- Ваше Высочество, - Николай Степанович Гумилев поклонился. В нем просыпалось особое чувство от осознания того, что рядом с ним - регент, член дома Романовых, фактически император России.
- Николай Степанович, прошу Вас, - Кирилл жестом предложил присесть. Достал портсигар. Сам Сизов не курил, и табачный дым плохо переносил, но вот Гумилев, как он знал, не отказался бы от сигаретки. Чиркнула германская зажигалка.
Николай Степанович благодарно кивнул и затянулся сигаретой, робко держа ее между указательным и средним пальцем, а когда отрывался от нее, то чуть-чуть царапал ногтем большого пальца.

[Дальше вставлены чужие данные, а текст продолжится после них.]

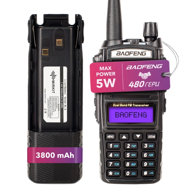 Комплект Рація Baofeng UV-82 5W + Гарнітура + Ремінець на шию + Акумуляторна батарея Baofeng BL-8 3800 мАг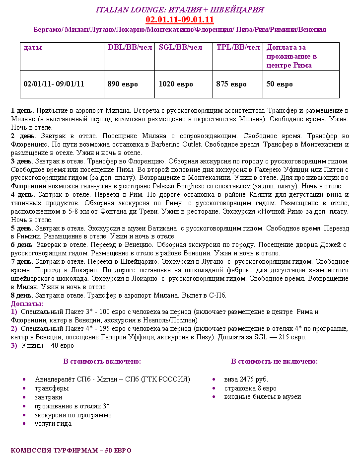 03 Дек 2010 15:01:15 ИТАЛИЯ+ШВЕЙЦАРИЯ 02.01-09.01 - ITALIAN LOUNGE от фирмы МЕРКУРИЙ

- Ваше Высочество, благодарю Вас за радушие. Однако же, что заставило Вас призвать меня, простого солдата-поэта, в это место, уже получившее некий ореол таинственности. Во многом благодаря нынешнему его владыке, - намек на столь быстрое восхождение Кирилла на вершину власти.
- Нужда, Николай Степанович, нужда в Ваших талантах. Я создаю Осведомительное агентство, которое будет нести идеи монархии, победы, славы в народ и армию. Оно должно будет остановить влияние оппозиционной печати, которое когда-нибудь погубит империю, на солдат и обывателей. Это грандиознейшая задача, и мне требуются люди подстать ей. Для этой задачи нужен настоящий гений. И я уверен, что такой гений слова сейчас сидит передо мной.
Люди творчества нет-нет, да падки на лесть в отношении их таланта. Этим нередко пользуются, так почему и Кириллу не воспользоваться?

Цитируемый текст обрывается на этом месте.